Answer:
a. 496.26J
b. 442.29J
c. 53.96J
Explanation:
Given that,
Resistance of wire is 5.0 Ω
R = 5.0 Ω
Connected to EMF of 4V
ε = 4V.
Internal resistance is 0.61Ω
Time t = 2.9mins
t = 2.9 × 60
t = 174 seconds
Power dissipated in the circuit
The equivalent resistance of a series connection is
Req = R1 + R2
Req = R + r
Req = 5+0.61
Req = 5.61Ω
The power dissipation is given as
P = IV
From ohms law V=iR
Then, I=V/R
So, P = (V/R) × V
P = V²/R
P = 4² / 5.61
P = 16/5.61
P = 2.852 Watts
a. The energy transfer from chemical to the electrical is give as
Power = Energy / Time
P = E/t
E = Pt
E = 2.852 × 174
E = 496.26J
The energy transfer from chemical to the electrical as form of heat is 496.26J
b. Energy dissipated in the wire
The resistance of the wire is 5Ω
The current flowing in the circuit is give as
V = I(r +R)
4 = I ( 0.61 + 5)
4 = 5.61 × I
Then, I = 4/5.61
I = 0.713 Amps
Then the current flowing in the circuit is 0.713A
So, the energy dissipated it the wire of 5Ω is give as
E = IVt
Where V =IR from ohms law
E = I²Rt
E = 0.713² × 5 × 174
E = 442.29 J
The energy dissipated in the wire as form of heat is 442.29J.

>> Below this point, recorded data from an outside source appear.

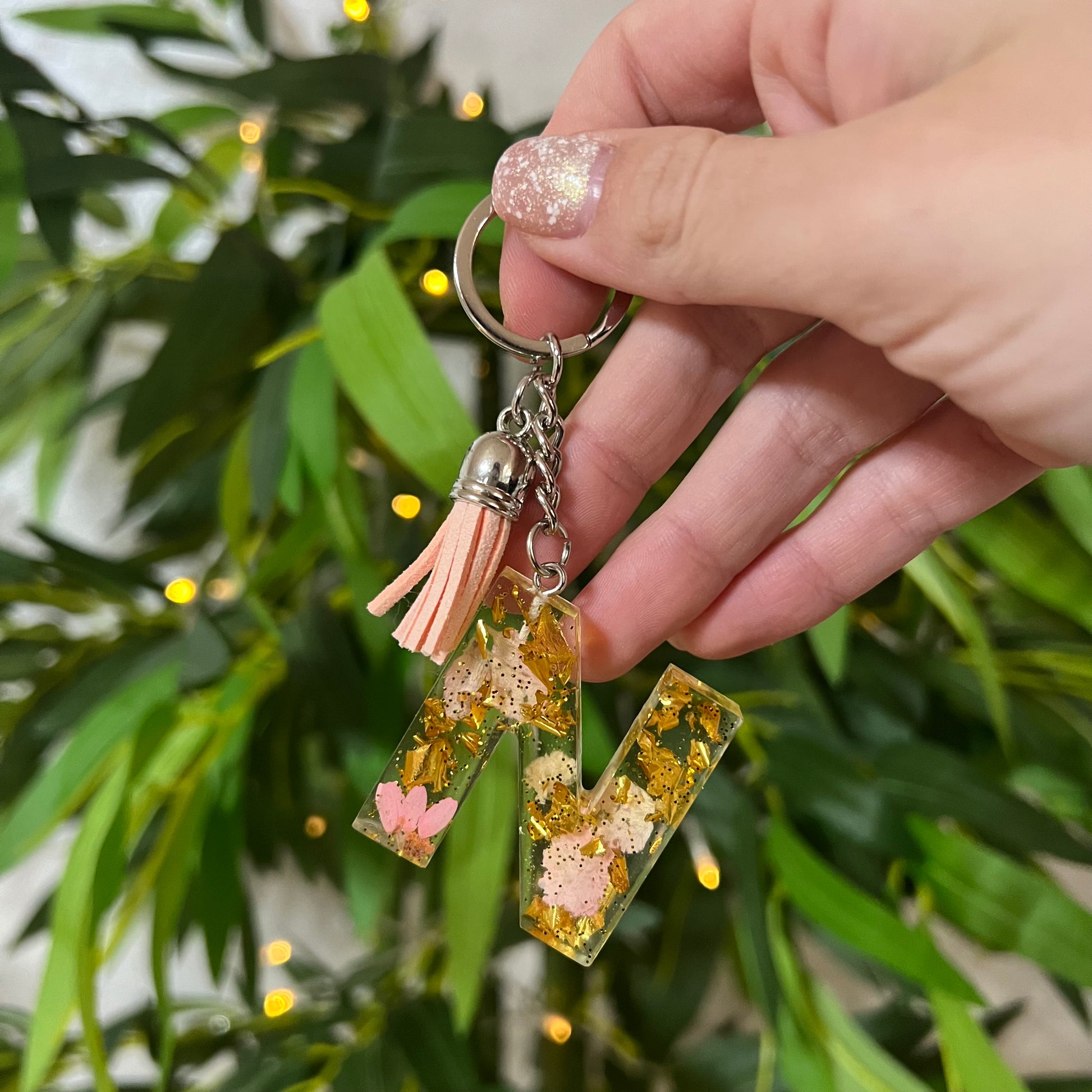 Portachiavi in resina trasparente con fiori veri essiccati.
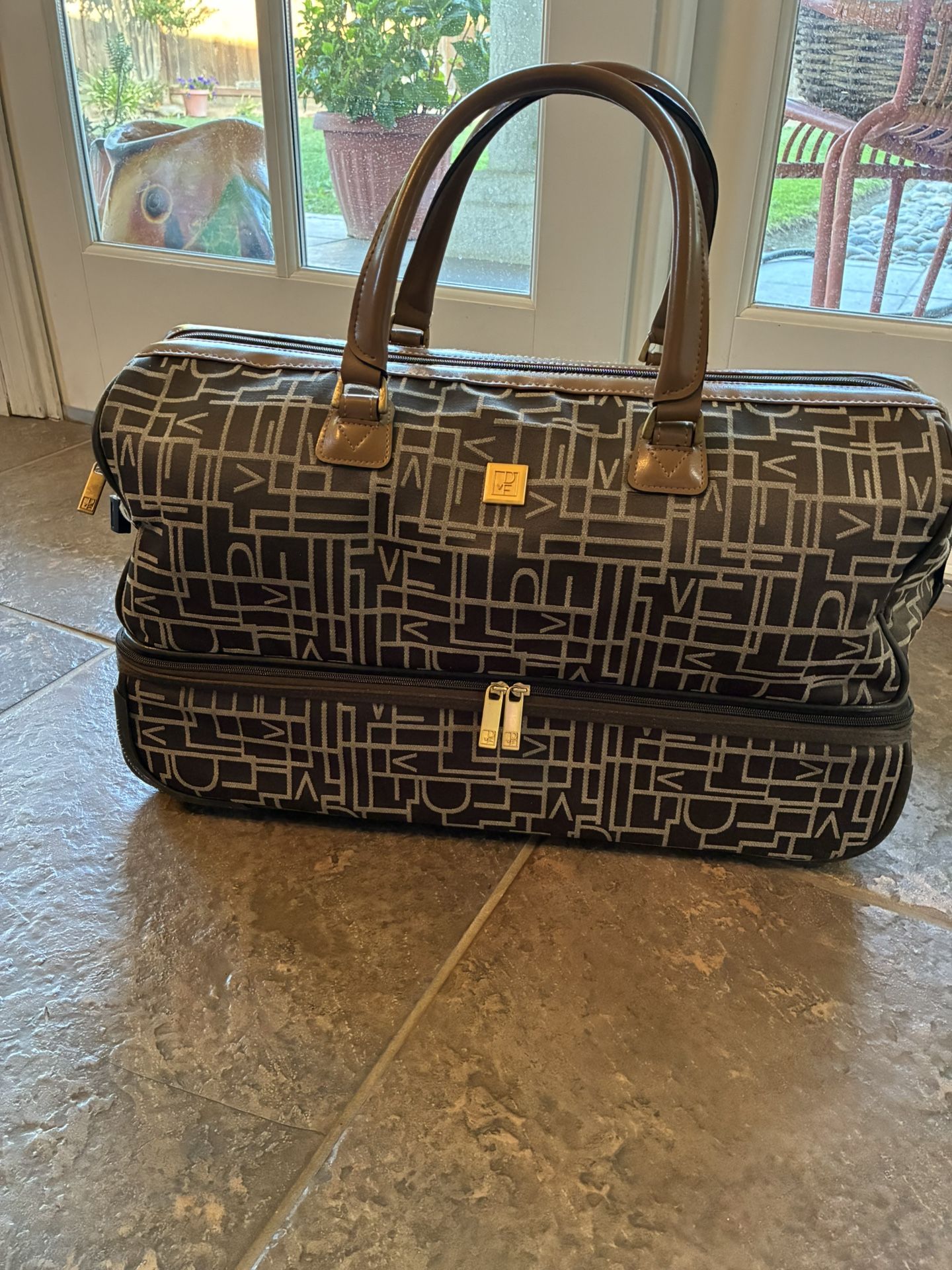 Diane Von Furstenberg brown 13” x 20”. Fits in plane overhead. In very good condition. Located on Herndon and Polk.
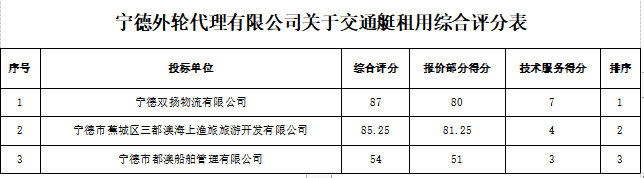 关于宁德外轮代理有限公司交通艇租用项目询价结果的公示
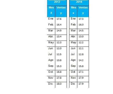 - La siguiente tabla muestra el promedio de las ventas mensuales (en miles de pesos) de la Fábrica “El patito” durante dos años consecutivos (2009-2010). Este conocimiento permite a los encargados de producción estimar la materia prima necesaria para solicitarla al departamento de compras cada mes durante el 2015 para asegurar la fabricación de su producto.
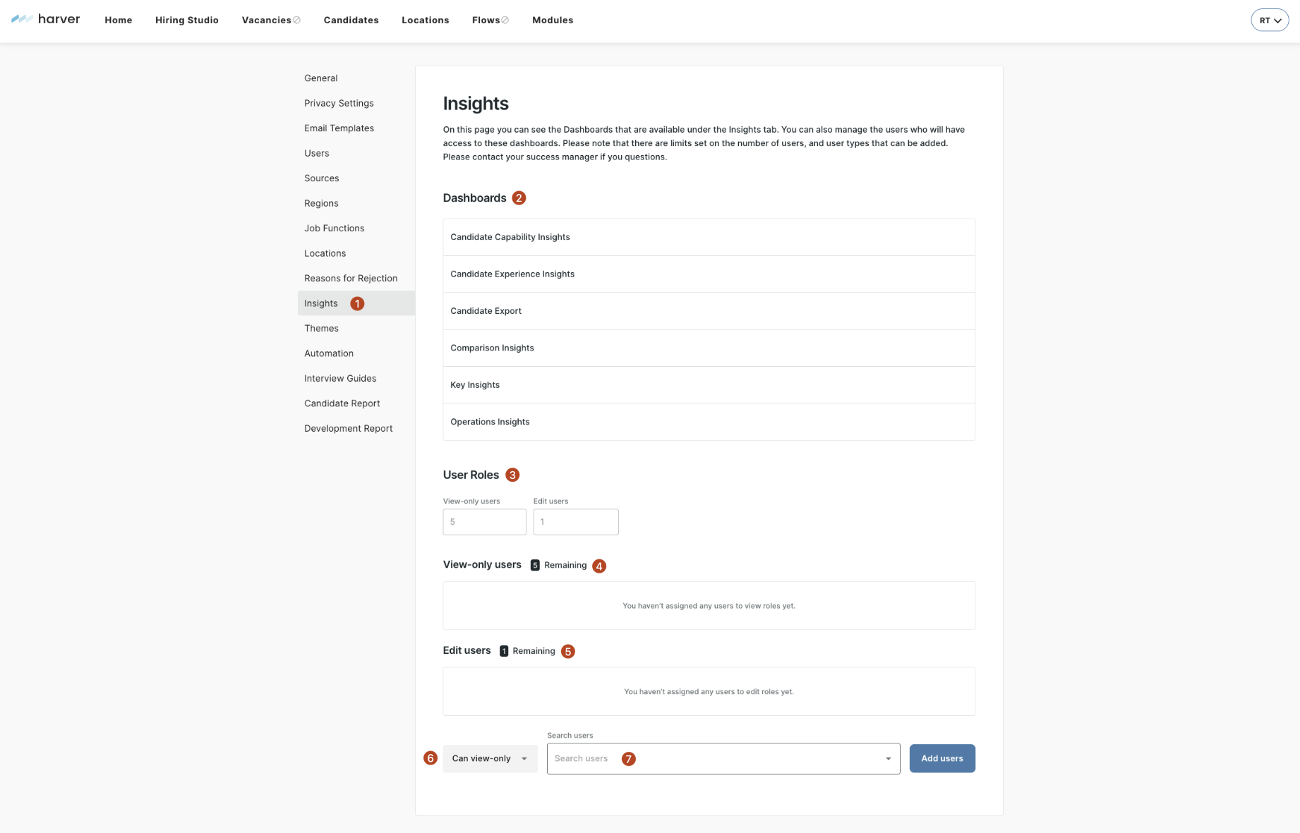 The Insights section provides access to interactive dashboards that display analytical data about candidate performance, hiring efficiency, and platform usage. From this page, you can manage user access to Insights and control which dashboards each user can view or edit.

c. The energy dissipated in the battery
Since, the internal resistance of the battery is 0.61Ω
Then, energy dissipated is given as
E = I² Rt
E = 0.713² × 0.61 × 174
E = 53.96J
The energy dissipated in the battery it to its internal resistance as form of heat is 53.96J.